(Beginning of MATERIAL SUPPLIED)

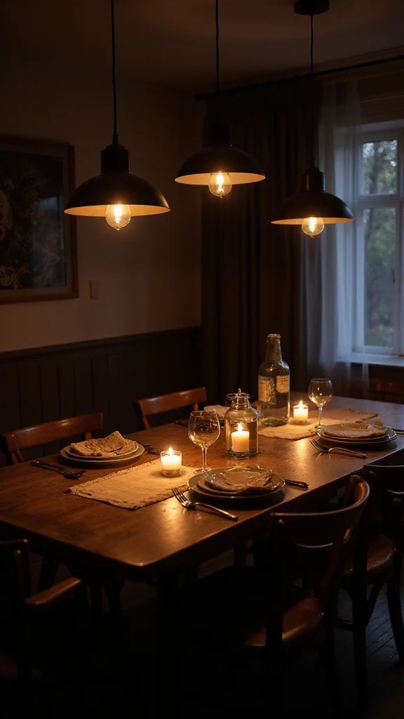 Low lighting can significantly change the vibe of your dark dining room, making it feel intimate and inviting. Use dimmable pendant lights or wall sconces to create a warm glow. Incorporating candles as centerpieces can further enhance the cozy atmosphere, perfect for special occasions or casual dinners.
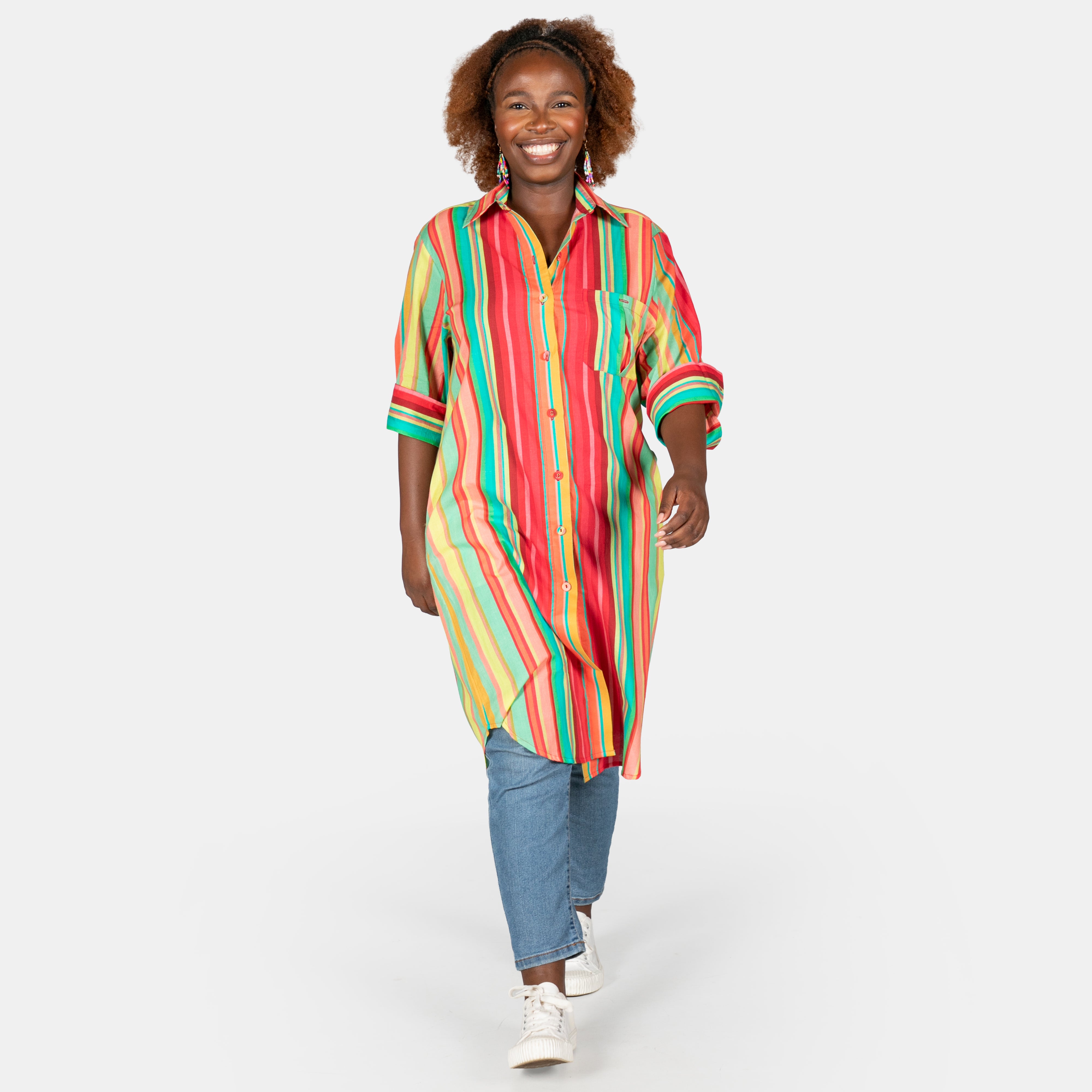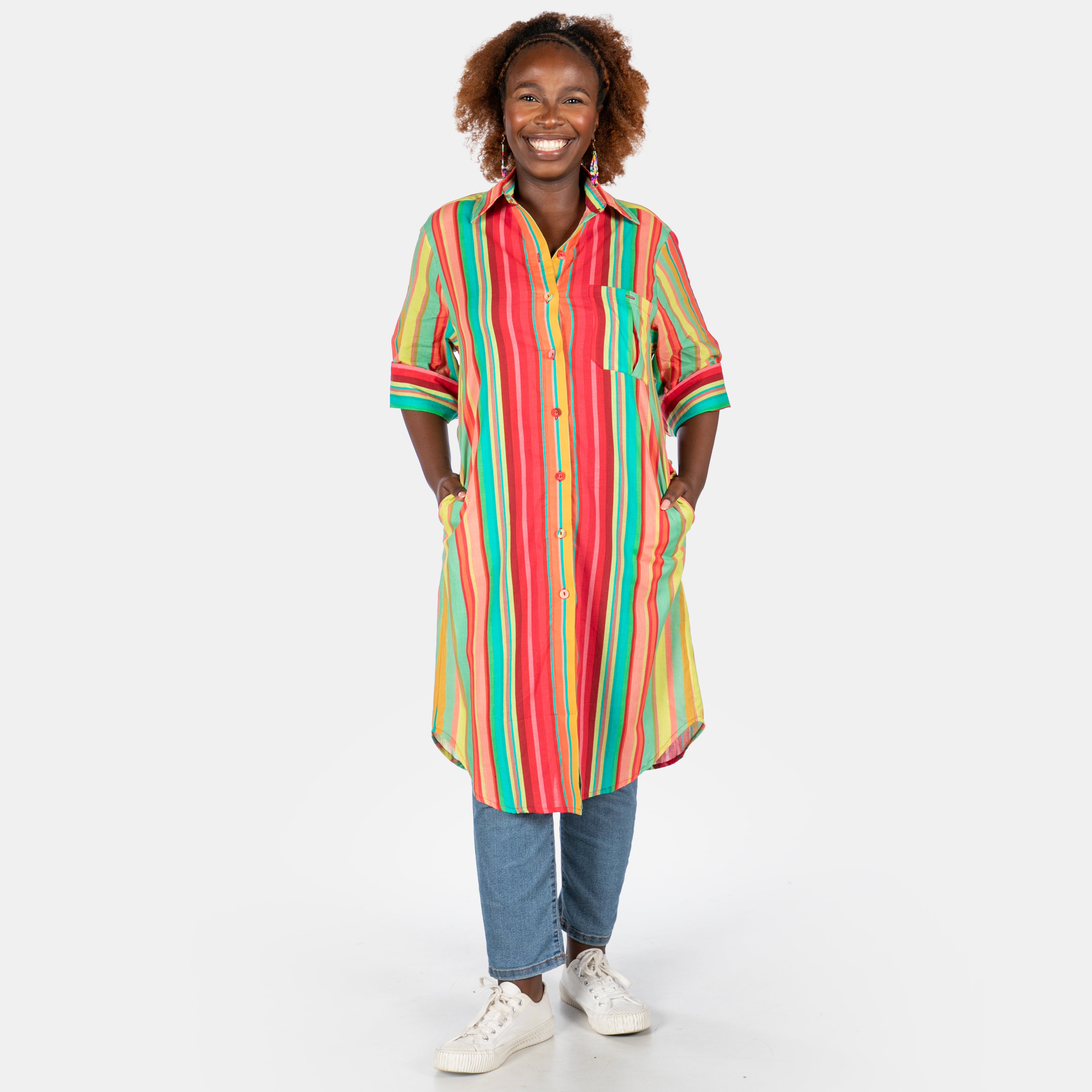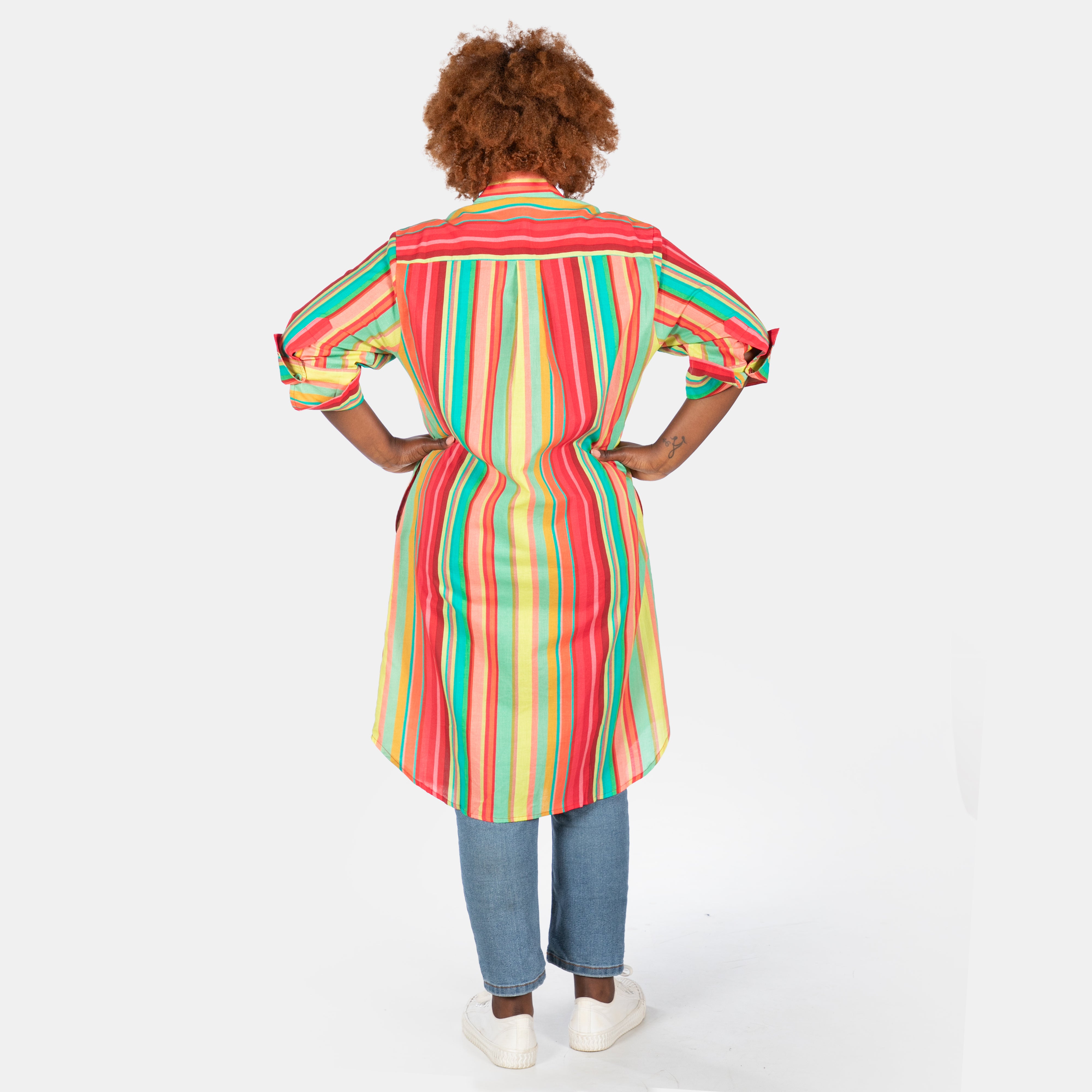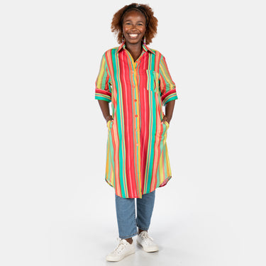 Stripes meet versatility in this charming shirt dress that works beautifully as a tunic for any silhouette.
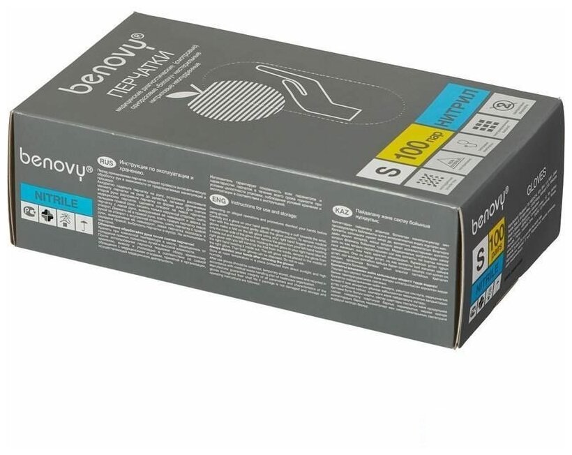 Перчатки Benovy нитриловые медицинские голубые 3 гр S 100 пар(100 шт.)
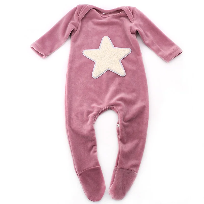 Мягкие велюровые комбинезоны для девочек и мальчиков 0-12 месяцев, детские пижамы со звездами, Повседневная зимняя одежда для девочек, комбинезоны с длинными рукавами, детские пижамы
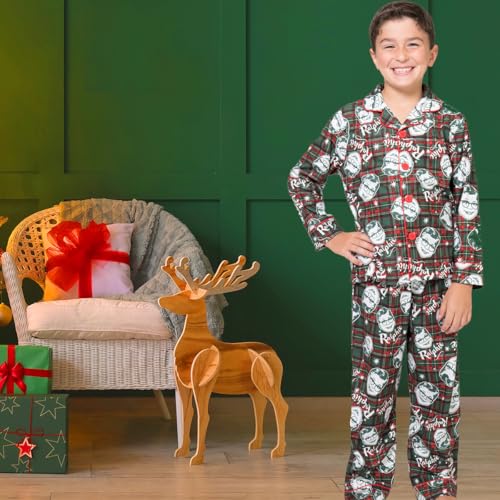 A Christmas Story Boys Ralphie Glasses Santa Christmas Holiday Flannel Plaid Button Pajama Set 6
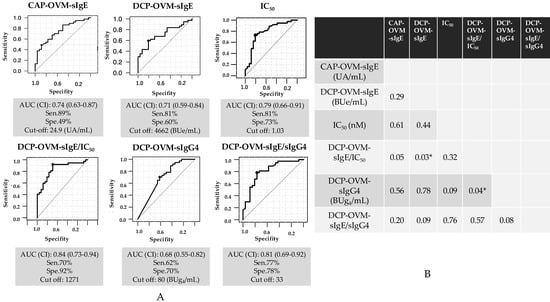 ROC curve analysis for the prediction of HE allergy at repeated OFCs during SS-OIT. (A) Results using six parameters: CAP-OVM-sIgE (UA/mL), DCP-OVM-sIgE (BUe/mL), OVM-sIgE (IC50) (nM), the product of DCP-OVM-sIgE multiplied by avidity of DCP-sIgE (DCP-OVM-sIgE/IC50), DCP-OVM-sIgG4 (BUg4/mL), the product of DCP-sIgE divided by DCP-sIgG4 (DCP-OVM-sIgE/sIgG4) in discriminating positive from negative groups at repeated OFCs during OIT. (B) Comparison of AUCs for p value. * p < 0.05. Sen: sensitivity, Spe: specificity.
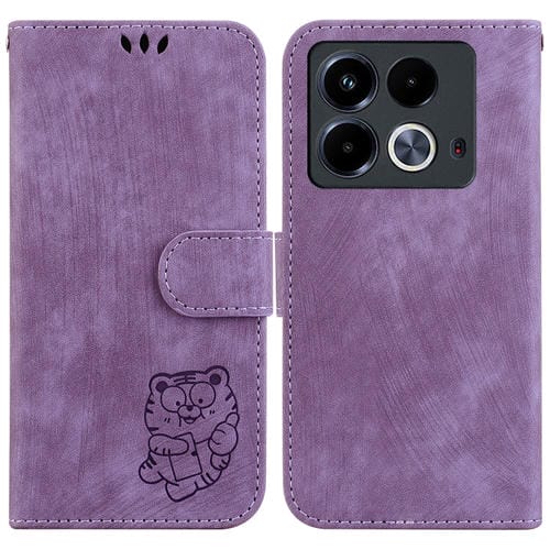 Funda de Cuero para Infinix Note 40 4G con Relieve Little Tiger (Púrpura)
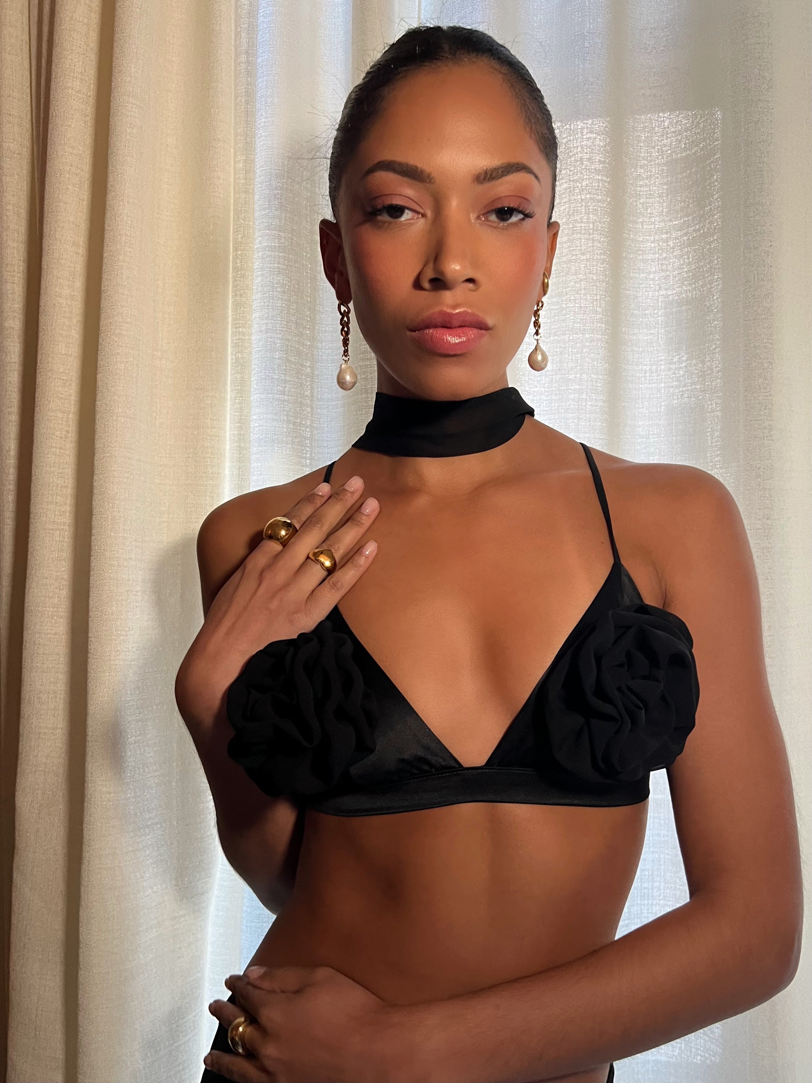 This silk triangle shape barlette will be your go-to. She's made to be shown off with any sheer tops, jackets or as is. Delicate silk chiffon rosette detail are hand sewn on the bust.

(End of MATERIAL SUPPLIED)

* **TASK PROMPT**
A word-for-word copy is needed, starting at the first line of the listing and ending with the line bearing "A Christmas Story". No pictures.

* **SOLUTION BELOW**
 Low lighting can significantly change the vibe of your dark dining room, making it feel intimate and inviting. Use dimmable pendant lights or wall sconces to create a warm glow. Incorporating candles as centerpieces can further enhance the cozy atmosphere, perfect for special occasions or casual dinners.
 Stripes meet versatility in this charming shirt dress that works beautifully as a tunic for any silhouette.
 Перчатки Benovy нитриловые медицинские голубые 3 гр S 100 пар(100 шт.)
 Мягкие велюровые комбинезоны для девочек и мальчиков 0-12 месяцев, детские пижамы со звездами, Повседневная зимняя одежда для девочек, комбинезоны с длинными рукавами, детские пижамы
 A Christmas Story Boys Ralphie Glasses Santa Christmas Holiday Flannel Plaid Button Pajama Set 6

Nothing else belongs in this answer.